The Pruitt-Igoe Myth: An Urban History
Sylvester Brown, Jacquelyn Williams, Valerie Sills, Robert Fishman, Brian King, Joyce Ladner, Ruby Russell, Jason Henry (narrator)
Stranger Than Fiction: 28 Jun 2011
Poverty never created immorality. Poverty created want.
“It was a safe place for me. If you didn’t live in there, you thought it was a bad place… If you lived in there, you knew the people. You were never alone.” Jacquelyn Williams’ memories reflect the many contradictions of the Pruitt-Igoe projects. Like her, many former residents have fond recollections. Sylvester Brown describes the “sense of family, the warm smells of pies and cakes and cookies” he experienced as a child. And Valerie Sills says that her family’s arrival was “like a Christmas present. There was snow on the ground and lights all over the place… It was really nice.”

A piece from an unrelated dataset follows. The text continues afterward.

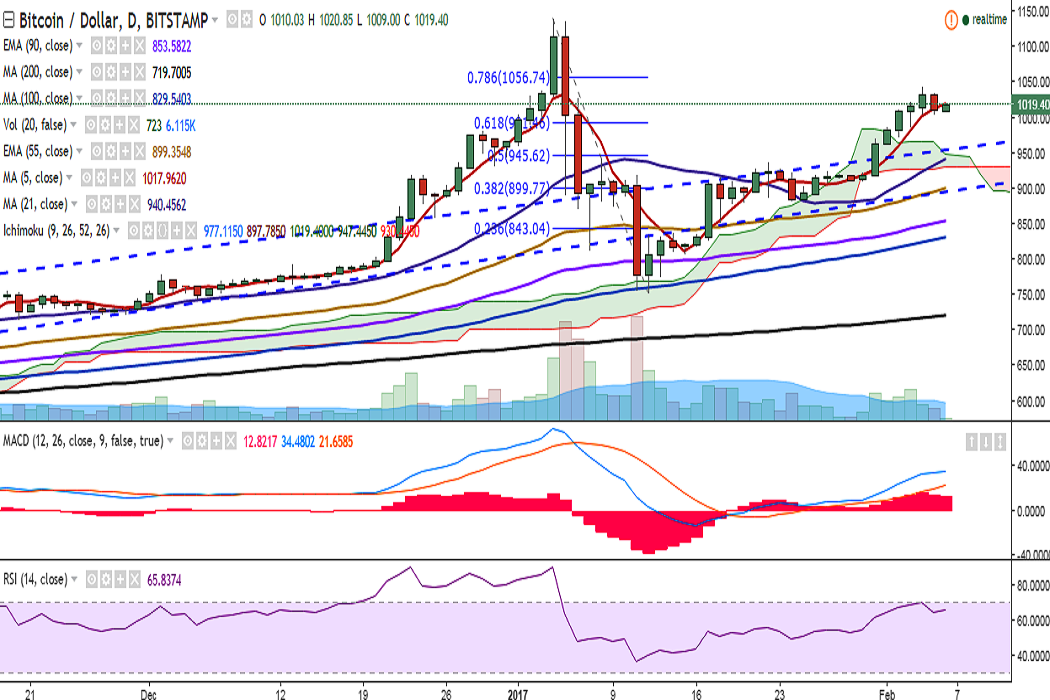 BTC/USD hit a high of 1044 levels on February 04 but failed to hold its strength. The pair is currently hovering around 5-DMA and is trading at 1013 levels at press time (Bitstamp).

But these memories are very different from most “historical” accounts of Pruitt-Igoe, which focus on its failure. As recounted in Chad Freidrichs’ terrific documentary, The Pruitt-Igoe Myth: An Urban History—screening at Stranger Than Fiction on 28 June, followed by a Q&A with Freidrichs—this failure is typically attributed to familiar causes. It is blamed on the residents, on the ambitious design by architect Minoru Yamasaki (who also designed the World Trade Center towers), and on the very idea of the welfare state. The St. Louis Housing Authority overreached, assert critics, by imagining that low-income tenants could appreciate or live up to the promise of their new environs. And by the time the project was torn down in 1972, Pruitt-Igoe was “notorious,” a prototypical example of how poor, uneducated, and “rural” communities inevitably go wrong, and don’t deserve help—especially from the government.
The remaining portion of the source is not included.